LakeSentry uses statistical and rule-based detectors to surface changes that deserve investigation. Anomalies are not automatic proof of waste; they are a starting point for cost forensics.

  • Cost spike: spend is unusually high compared with baseline.
  • Duration anomaly: workload runtime is unusually high.
  • Failure-rate spike: failed runs or queries increased materially.
  • Warehouse spend spike: SQL warehouse spend moved outside baseline.
  • Serving spike: model serving request/cost patterns changed unexpectedly.
  • Budget risk: projected spend is on track to exceed a budget.
  • Attribution declining: the share of attributed spend dropped and more cost is now unattributed.

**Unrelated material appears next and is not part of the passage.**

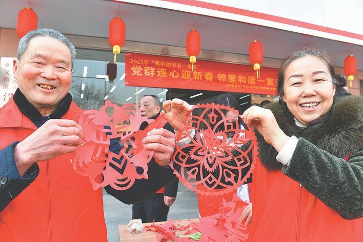 米糕制作现场,香气弥漫,居民们排着队品尝。通过制作和分享米糕,让居民享受美食,促进邻里和谐,传承和弘扬传统文化。在冰糖葫芦制作现场,社区志愿者带着提前串好的山楂、葡萄、橘子,用电锅熬制糖浆并加工完成一串串甜蜜的糖葫芦。在“好运滚滚来”游戏现场,居民们通过将手中的小球滚落到不同区域,赢得茶杯、花露水等小礼品。在“剪窗花”展台前,家长和小孩子一道在社区志愿者指导下,用手中的剪刀剪出各式各样的图案,共同感受剪纸艺术的魅力。此外,居民在现场还能享受到爱心义剪、领取春联福字等服务。
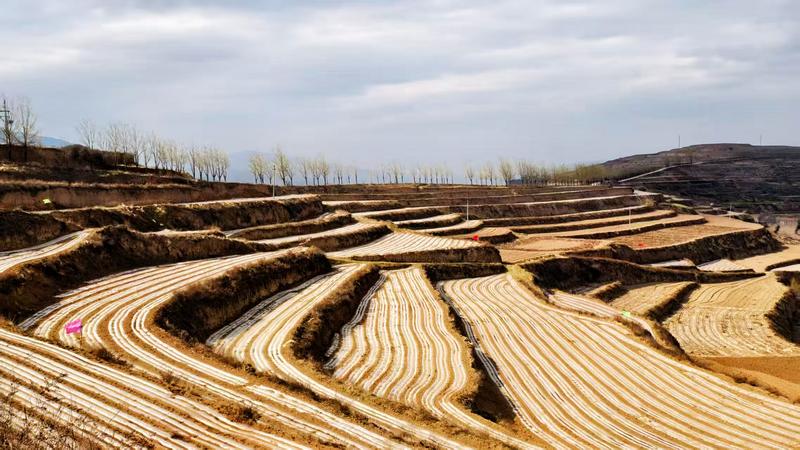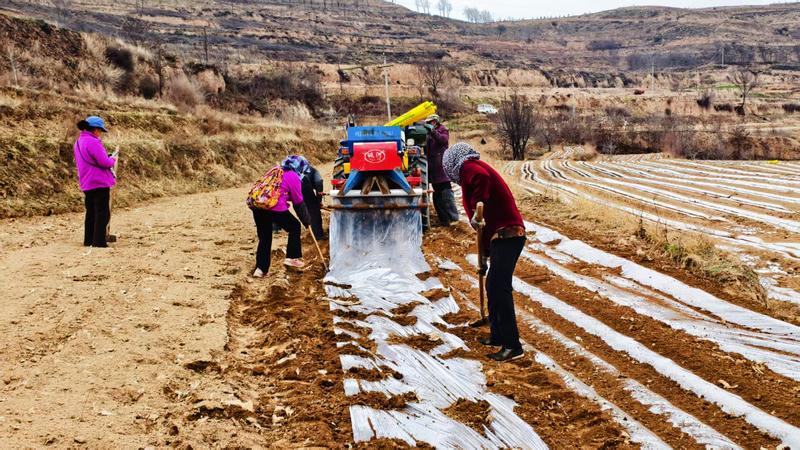西梁覆新膜,套种筑粮仓。山丹镇把大豆玉米带状复合种植铺膜作业作为春耕“第一仗”,组织干部群众抢抓墒情、覆膜保墒。西梁片区刘屲村人机协同作业,旋耕、铺膜、压边有序推进,白色地膜蜿蜒铺展在坡塬地块。同时,依托“党支部+合作社+农户”联农带农模式,以套种提升土地产出率,目前铺膜作业全面推进,为后续播种夯实保墒基础。

LakeSentry combines statistical and threshold detectors. For time-series detectors it uses a Z-score:

z = (current_value - baseline_mean) / baseline_standard_deviation

Current backend thresholds include:

DetectorMain trigger
Cost spikeRecent spend over the last 48 hours has z-score ≥ 2.0 or is at least 2.5× baseline, with baseline average at least $10 and delta at least $50.
Duration anomalyRuntime z-score ≥ 2.5 with at least 5 baseline runs.
Failure-rate spikeFailure rate increased by at least 15 percentage points.
Warehouse spend spike30-day warehouse velocity increase, minimum $1,000 delta.
Serving spikeLast 7 days compared with the previous 7 days, minimum $500 delta.
Budget riskProjected spend exceeds the budget by at least 10%.
Attribution decliningUnattributed share increased by at least 5 percentage points week over week.

Severity is detector-specific. Cost spikes become high/critical when z-score or multiplier crosses higher thresholds. Budget risk becomes high above 25% projected overage and critical above 50%.

  • At least a small number of data points is required before a Z-score is meaningful.
  • Constant data has zero standard deviation; LakeSentry does not flag those points as anomalous.
  • Cost and runtime anomalies are interpreted with supporting evidence such as resource, owner, and time range.
  • Budget risk uses projection against the budget period, not only Z-score movement.
  1. Open the insight detail page and review evidence.
  2. Use Cost Changes to see the period-over-period driver.
  3. Drill into Cost Explorer by workspace, team, principal, compute type, or table.
  4. Open the related workload, cluster, SQL warehouse, or serving page when linked.
  5. Resolve or dismiss the insight after confirming the cause.